Each little moment he describes is a moment of awareness of the present. Perhaps that's why it captivated me: all too often, we go through our days unaware of the moments that make up our lives, lost in thought, focused on the future or the past. Knausgaard describes a relentless present, something that we mostly forget in our own daily struggles.
This definitely isn't a book for everyone; if you want plot development and action, look elsewhere. But for me it was rich, rewarding, thought-provoking, and ultimately moving.
104 of 112 people found the following review helpful.
Norwegian Seinfeld (a book about nothing, sans humor)
By C. Hobbs
This series starts off gripping the reader: I was enthralled for the same reasons most other reviewers seem to indicate. As the pages flew by my interest started to wane slightly. I became mildly self-conscious. Am I a stereotypical American in need of constant neurotransmitter candy, clearly defined endings, a return to the tonic at every chapter's end? I loved Bolano and a handful of other 1000 page doorstops and prolix jeremiads. I soldiered on, and on, and on. Banal. Solipsistic. Ennui. The criticisms from other reviewer come to mind and echo my sentiments somewhere around the three-quarters point in the first book.

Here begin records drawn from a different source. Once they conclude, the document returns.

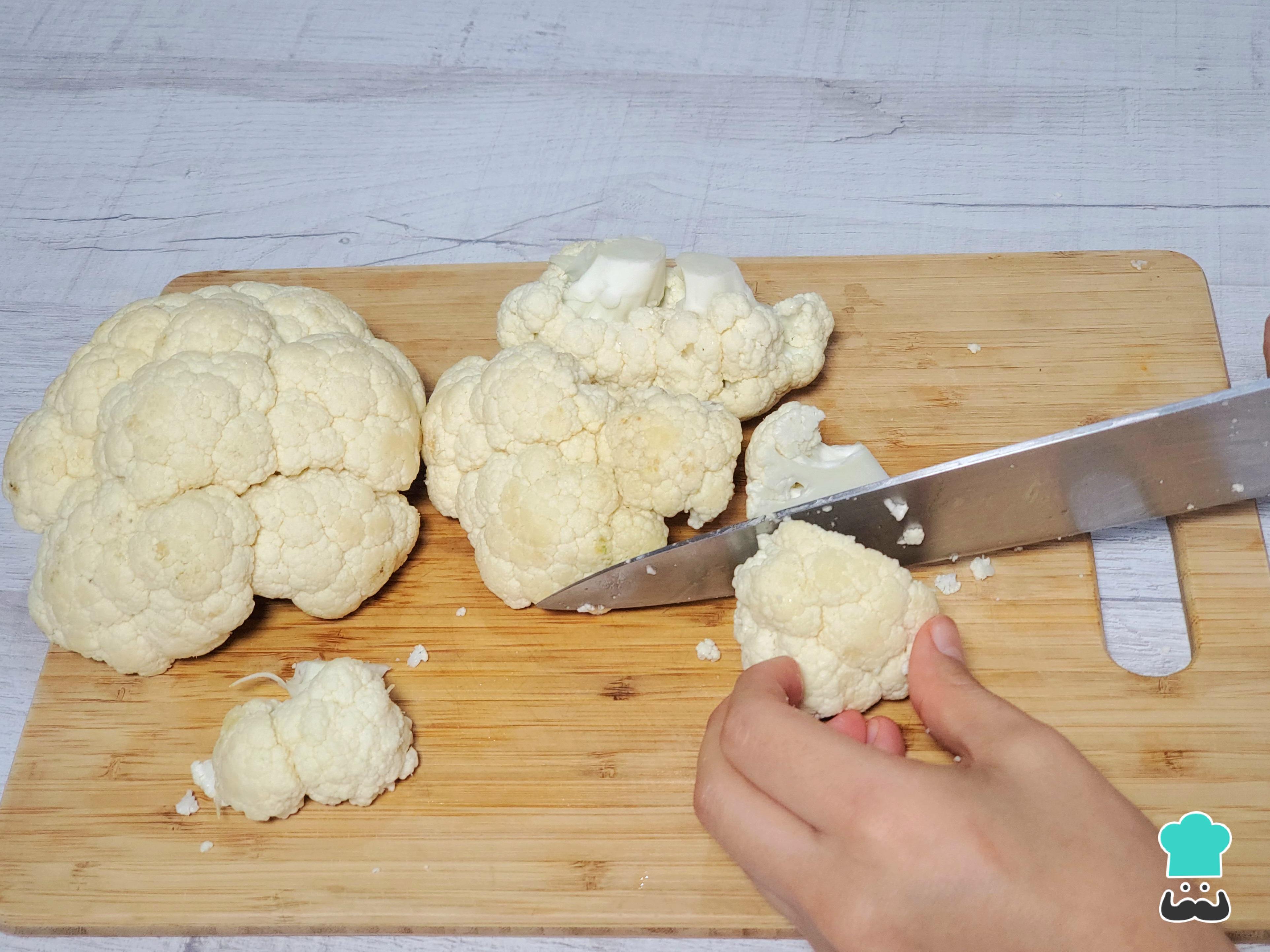 Separa la coliflor en ramitos pequeños del tamaño de un bocado.
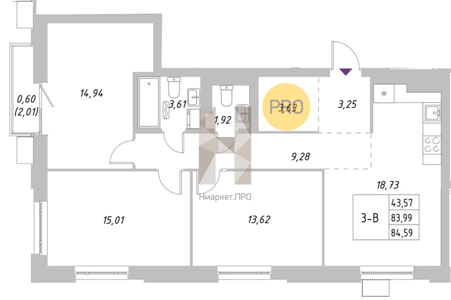 Квартира: 3 к 84,59 кв.м., 7 этаж в комплексе Riverside, 2 очередь, корп.6, сдача: 2кв. , этажей: 8, адрес Екатеринбург г., Крауля ул., , Застройщик: Унистрой.
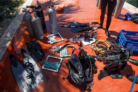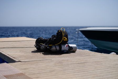 Sharm El Sheikh, Egypt - September 10, 2020: The divers equipment to dive at sail boat ship in Ras Mohamed National Park in the Red Sea, Sharm El Sheikh, Egypt on September 10, 2020
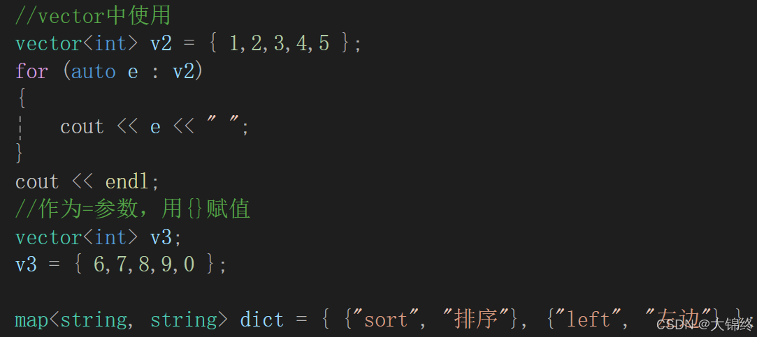 std::initializer_list作为参数的构造函数,这样初始化容器对象就更方便了。也可以作为operator=的参数,这样就可以用大括号赋值
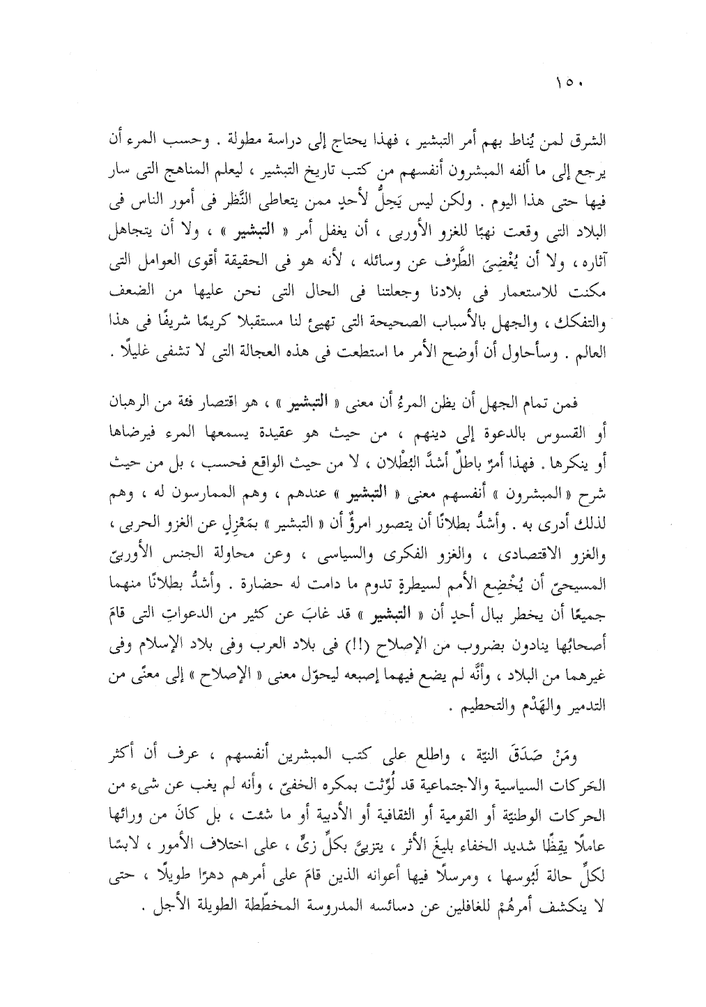 فمن تمام الجهل أن يظن المرء أن معنى التبشير هو اقتصار فئة من الرهبان أو القسوس بالدعوة إلى دينهم من حيث هو عقيدة يسمعها المرء فيرضاها أو ينكرها فهذا أمر باطل أشد البطلان لا من حيث الواقع فحسب بل من حيث شرح المبشرون أنسهم معنى التبشير عندهم وهم الممارسون له وهم لذلك أدرى به وأشد بطلانا أن يتصور امرؤ أن التبشير بمعزل عن الغزو الحربي والغزو الاقتصادي والغزو الفكري والسياسي وعن محاولة الجنس الأوروبي المسيحي أن ضخع الأمم لسيطرة تدوم ما دامت له حضارة وأشد بطلانا منهما جميعا أن يخطر ببال أحد أن التبشير قد غاب عن كثير من الدعوات التي قام أصحابها ينادون بضروب من الإصلاح في بلاد العرب وفي بلاد الإسلام وفي غيرهما من البلاد وأنه لم يضع فيهما إصبعه ليحول معنى الإصلاح إلى معنى من التدمير والهدم والتحطيم.
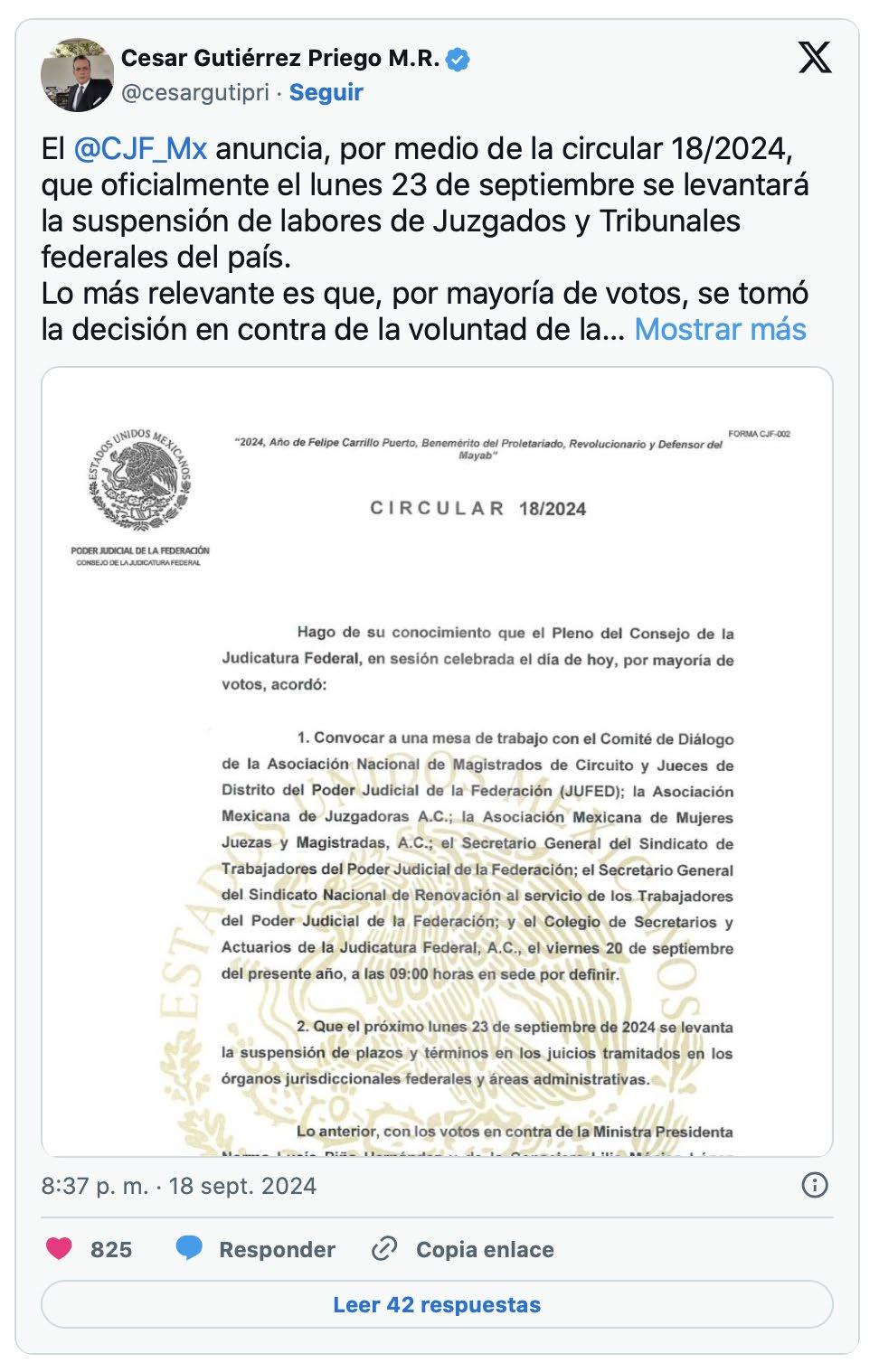 El Consejo de la Judicatura Federal (CJF) acordó que a partir del lunes 23 de septiembre todos los juzgados de distrito y tribunales de circuito reanudarán sus actividades y los plazos y términos legales de sus procedimientos. Por cinco votos contra dos, los consejeros votaron en la sesión del Pleno de este miércoles en favor de reanudar las labores, luego de que el 21 de agosto pasado los impartidores de justicia federales iniciaron un paro indefinido en protesta por la reforma al Poder Judicial. La Asociación Nacional de Magistrados de Circuito y Jueces de Distrito del Poder Judicial de la Federación (Jufed) pidió el martes al Consejo de la Judicatura Federal instalar una mesa de diálogo para garantizar los derechos laborales de los trabajadores judiciales, como condición previa para levantar la suspensión de actividades.

The writing is good, clever at times. Knausgaard can no doubt throw a yarn. The voice is honest - with the caveat that it is a first person narrative - and vulnerable at times. He's going to invite criticism: from people whose private moments are laid bare, from readers that have invested so much time and feel cheated, from readers that think his life is trivial, his problems typical, and his achievements modest. There is a fluidity to his writing that dupes the reader into persevering. Had there been technical halts in the writing, discontinuities (e.g. numerous chapters), visual hiccups (e.g. footnotes a la DFW), and other assorted non-linearity, I believe the growth in popularity would have stunted. The title was also a brilliant marketing tool. It forces a self-deprecating writing style lest the author is perceived as pompous. My Struggle isn't some auto-hagiography. Knausgaard avoids this with his honesty and introspection albeit as days turn into weeks turn into months.
In Information Theory there are ideas related to compression, complexity, and entropy that in simple terms say that the amount of order contained in something determines how much you can reduce it into something smaller and simpler. So, for instance, the simplest representation of a perfectly random string of characters may be the string itself. Conversely another string of the same length with non-random repeating elements may be able to be represented as a fraction of the length while preserving all of the original information. My feeling with the 3600 pages of My Struggle is that if we stuffed it into a black hole and let it try to chomp all the bits of information down until it was pure information we'd still be left with 3600 pages. However, if we tried the same experiment on the ideas contained in the novel we'd be left with a page. This is a microcosm of what the NSA must deal with everyday: the curse of dimensionality. Wanton context free information. The human brain has evolved over the millennia to parse and weed out information that isn't germane to survival. Writing has the difficult task of adding some of this mundane information back in to create plausible, colorful, dense, and engaging stories. Some writers are masters at talking about the color of a plant (cf Nabokov). When the sink is thrown in it might as well be what is sometimes called "f-you literature". Franzen's first rule is "The reader is a friend, not an adversary, not a spectator." Pynchon and Joyce can get away with throwing ciphers at the reader, making them feel stupid. In a similar way Knausgaard achieves the same alienation of the reader but via a totally different method: tedium.